▸ **Provided data**:
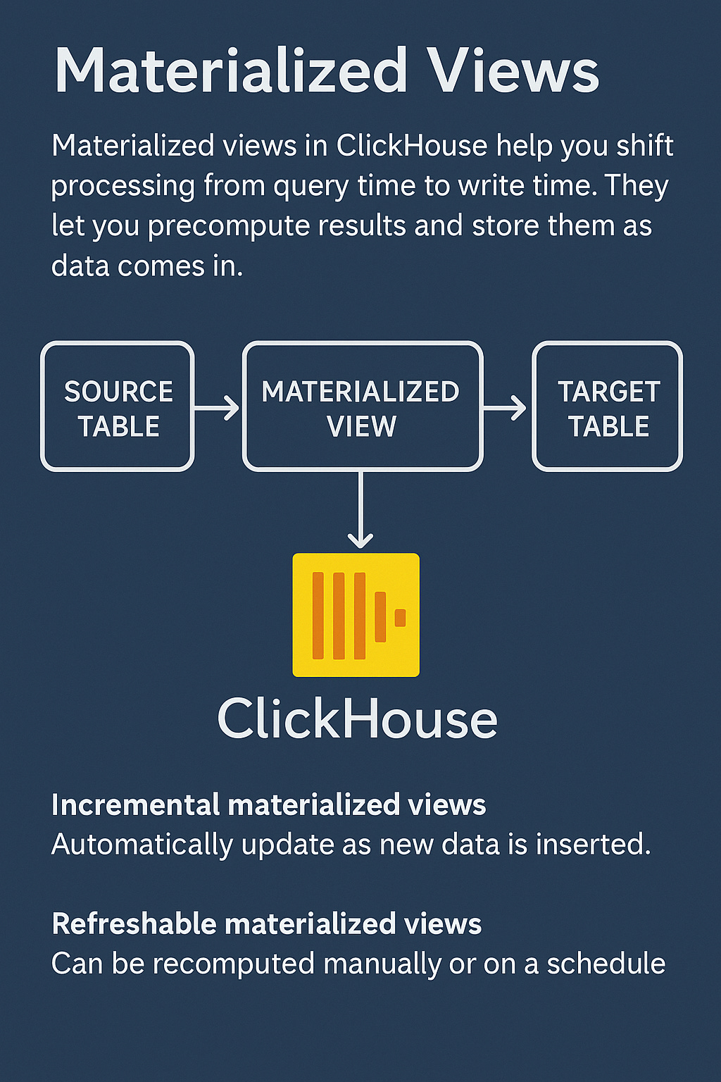 Materialized views in ClickHouse help you shift processing from query time to write time. They let you precompute results and store them as data comes in. There are two types:Incremental materialized views: Automatically update as new data is inserted.
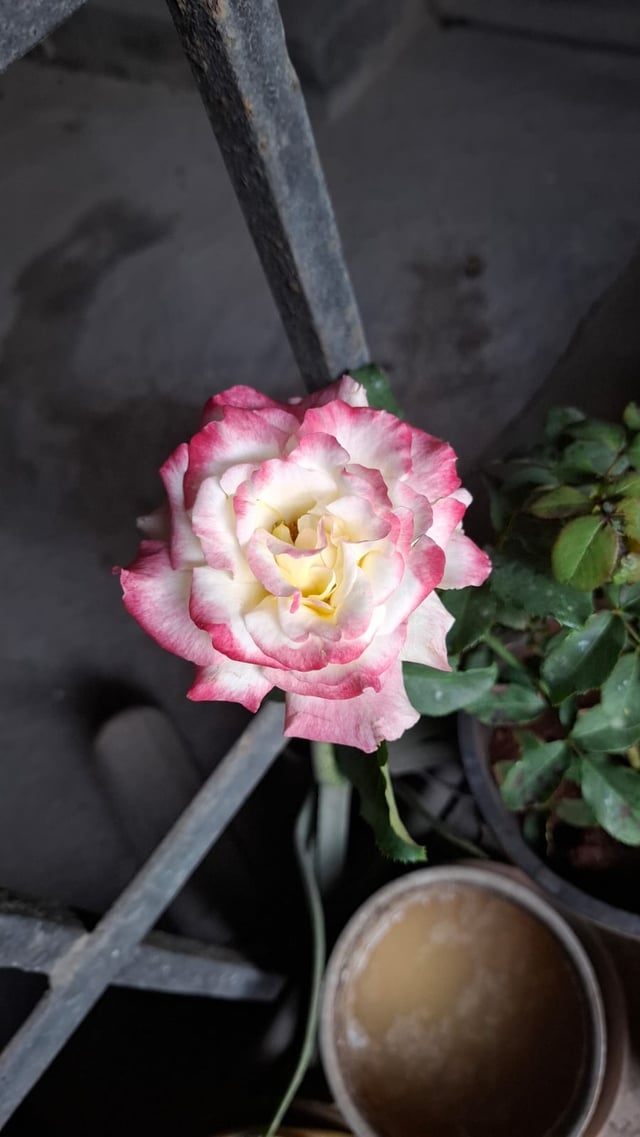 初めて植物をプレゼントしてもらいましたが、これも素晴らしいバラの植物でした。このバラは見事に見えますが、ある種の交配種だと思います (Google は、Double Delight Hybrid Tea Rose だと言いました)。 問題は、 これまでガーデニングをやったことがない 😬😅 でも、私はこの植物の世話をして、健康に保ちたいと思っています。基本的に、皆さんの助けが必要です。今のところ、いくつか質問があります。
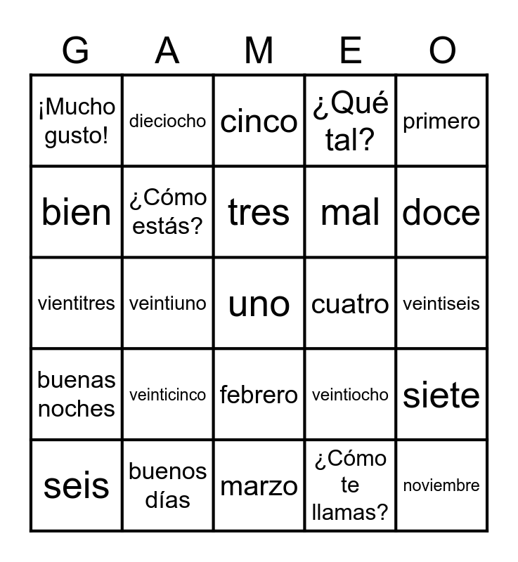 This bingo card has 60 words: hola, buenos días, buenas tardes, buenas noches, ¿Cómo te llamas?, Me llamo..., ¿Cómo estás?, Yo estoy..., mal, más o menos, ¿Qué tal?, adiós, bien, chao, hasta luego, ¡Mucho gusto!, uno, primero, dos, tres, cuatro, cinco, seis, siete, ocho, nueve, diez, once, doce, trece, catorce, quince, dieciseis, diecisiete, dieciocho, diecinueve, veinte, veintiuno, veintidos, vientitres, veinticuatro, veinticinco, veintiseis, veintisiete, veintiocho, veintinueve, treinta, treinta y uno, enero, febrero, marzo, abril, mayo, junio, julio, agosto, septiembre, octubre, noviembre and diciembre.
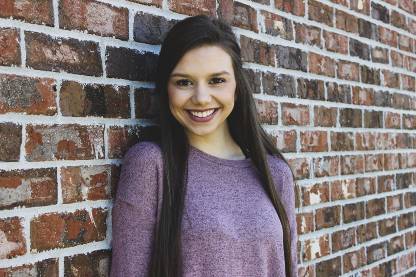 Красивая девушка улыбается прислонившись к кирпичной стене

▸ **Task prompt**: Give again, word for word, the lines above from the one with "(Google は、Double Delight" through the final line of the data, both ends included. Do not copy any picture.

▸ **Answer below**:
 初めて植物をプレゼントしてもらいましたが、これも素晴らしいバラの植物でした。このバラは見事に見えますが、ある種の交配種だと思います (Google は、Double Delight Hybrid Tea Rose だと言いました)。 問題は、 これまでガーデニングをやったことがない 😬😅 でも、私はこの植物の世話をして、健康に保ちたいと思っています。基本的に、皆さんの助けが必要です。今のところ、いくつか質問があります。
 This bingo card has 60 words: hola, buenos días, buenas tardes, buenas noches, ¿Cómo te llamas?, Me llamo..., ¿Cómo estás?, Yo estoy..., mal, más o menos, ¿Qué tal?, adiós, bien, chao, hasta luego, ¡Mucho gusto!, uno, primero, dos, tres, cuatro, cinco, seis, siete, ocho, nueve, diez, once, doce, trece, catorce, quince, dieciseis, diecisiete, dieciocho, diecinueve, veinte, veintiuno, veintidos, vientitres, veinticuatro, veinticinco, veintiseis, veintisiete, veintiocho, veintinueve, treinta, treinta y uno, enero, febrero, marzo, abril, mayo, junio, julio, agosto, septiembre, octubre, noviembre and diciembre.
 Красивая девушка улыбается прислонившись к кирпичной стене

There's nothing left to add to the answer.